##### DATA BELOW

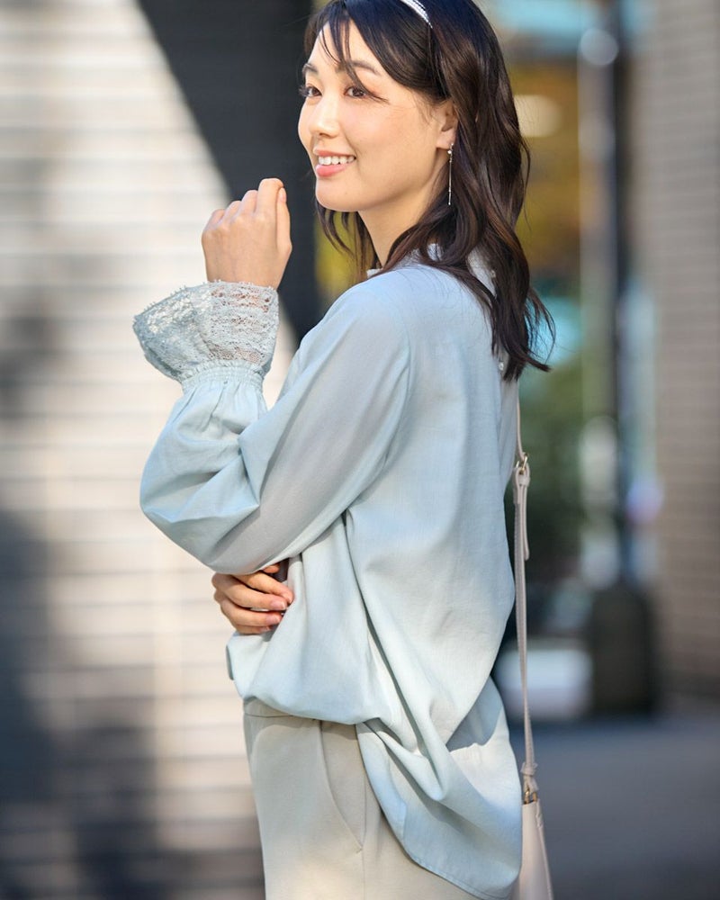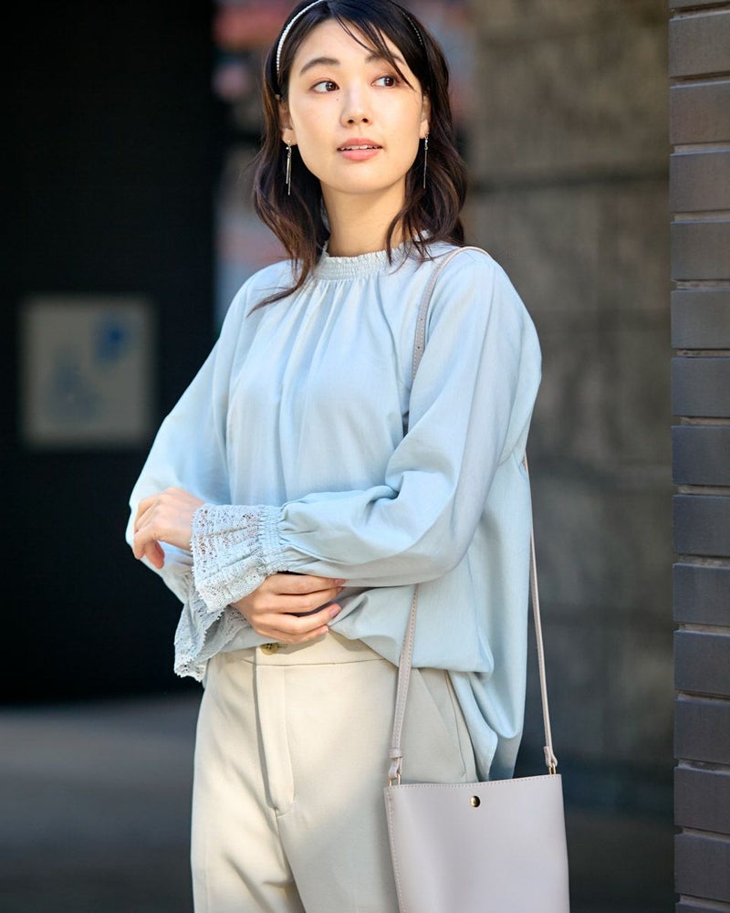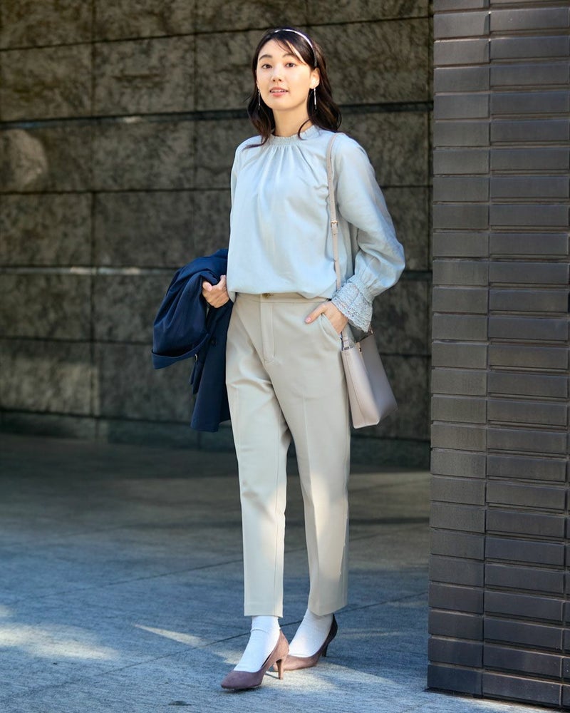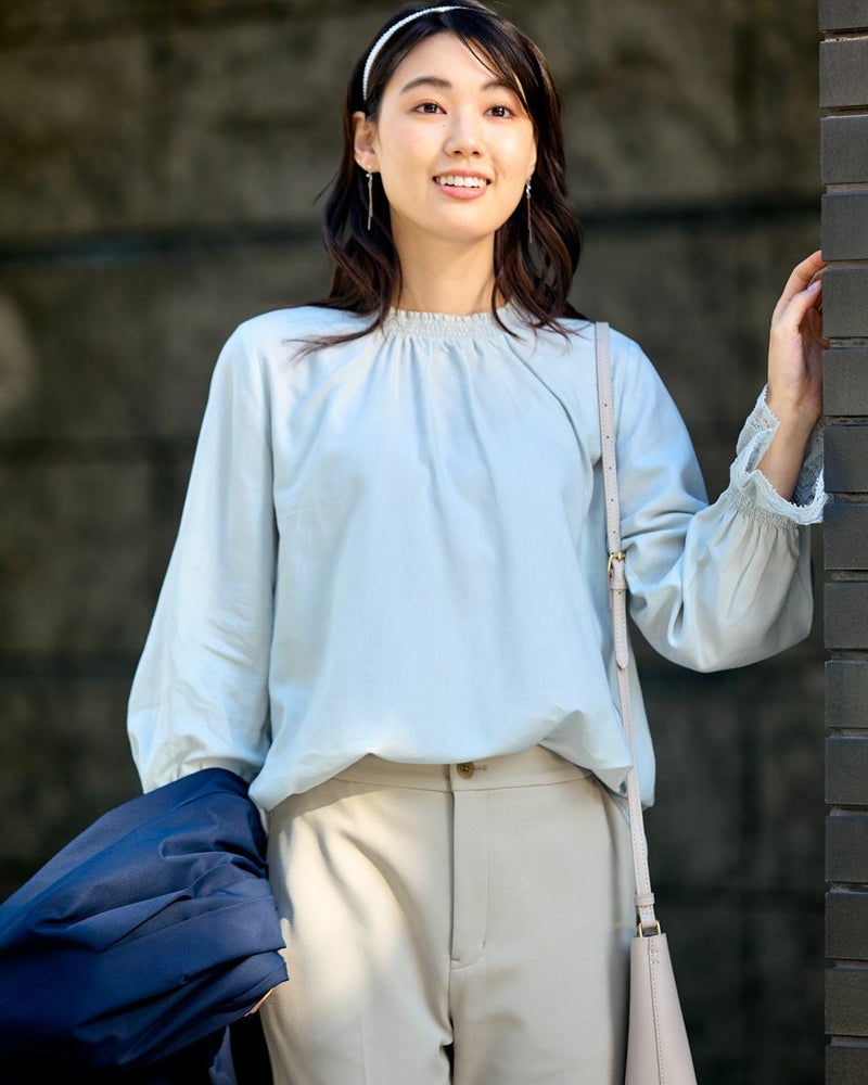 細かくツイルに織られた生地は、ほのかに光沢もありナチュラルすぎないところが魅力。滑らかですが身体のラインを拾いすぎないソフトタッチな被りのブラウス。少し立ち上げた襟と袖口に施したシャーリングで生地に立体感が足され華やかさも一緒に纏えるアイテム。ジャケットやカーディガンとの相性も良く、オフィス使いにおすすめ。優しい春カラーでパールを添えて謝恩会など親しい方とのパーティでお召しになっても素敵です。 モデル身長: 166 cm 着用サイズ: M サイズ Golden Bear White Label (WOMEN) ブラウス (WOMEN) 【着用アイテム】468R1150 ショートトレンチコート 468R1750 ストレートパンツ 468R2750 テーパードパンツ
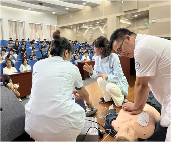 随后培训课程在专业、生动的氛围中有序展开。急救中心专家为同学们带来心肺复苏(CPR)专题教学,他先播放了心肺复苏相关教学视频,让同学们对急救流程有了初步认知;为了让同学们更直观地认识到心肺复苏的重要性,他分享了一组数据:“欧美国家平均约 17%,而我国目前的抢救成功率还不足 1%。” 让在场学生深刻意识到普及心肺复苏知识的紧迫性。随后医护人员共同上台,现场演示自动体外除颤器(AED)的操作流程,从 “开机、听指引、贴片、分析、除颤” 的每一个步骤,都进行了细致讲解,确保同学们能清晰掌握 AED 的使用方法。
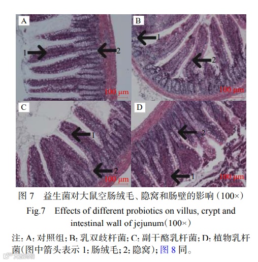 由图7可知,对照组空肠绒毛较细且长度比益生菌组略短一些,隐窝深度也比益生菌组更大一些,肠壁厚度差异并不明显。在所有益生菌组中,乳双歧杆菌组的空肠绒毛较长且排列整齐,隐窝也较浅且肠壁较厚一些。

##########

### [DIRECTIONS FOR THIS TASK]
Without the pictures, please reproduce each line of the listing above exactly, from the first one through the line bearing "的每一个步骤,都进行了细致讲解,确保同学们能清晰掌握 AED 的使用方法。".

### [ANSWER SECTION]
 細かくツイルに織られた生地は、ほのかに光沢もありナチュラルすぎないところが魅力。滑らかですが身体のラインを拾いすぎないソフトタッチな被りのブラウス。少し立ち上げた襟と袖口に施したシャーリングで生地に立体感が足され華やかさも一緒に纏えるアイテム。ジャケットやカーディガンとの相性も良く、オフィス使いにおすすめ。優しい春カラーでパールを添えて謝恩会など親しい方とのパーティでお召しになっても素敵です。 モデル身長: 166 cm 着用サイズ: M サイズ Golden Bear White Label (WOMEN) ブラウス (WOMEN) 【着用アイテム】468R1150 ショートトレンチコート 468R1750 ストレートパンツ 468R2750 テーパードパンツ
 随后培训课程在专业、生动的氛围中有序展开。急救中心专家为同学们带来心肺复苏(CPR)专题教学,他先播放了心肺复苏相关教学视频,让同学们对急救流程有了初步认知;为了让同学们更直观地认识到心肺复苏的重要性,他分享了一组数据:“欧美国家平均约 17%,而我国目前的抢救成功率还不足 1%。” 让在场学生深刻意识到普及心肺复苏知识的紧迫性。随后医护人员共同上台,现场演示自动体外除颤器(AED)的操作流程,从 “开机、听指引、贴片、分析、除颤” 的每一个步骤,都进行了细致讲解,确保同学们能清晰掌握 AED 的使用方法。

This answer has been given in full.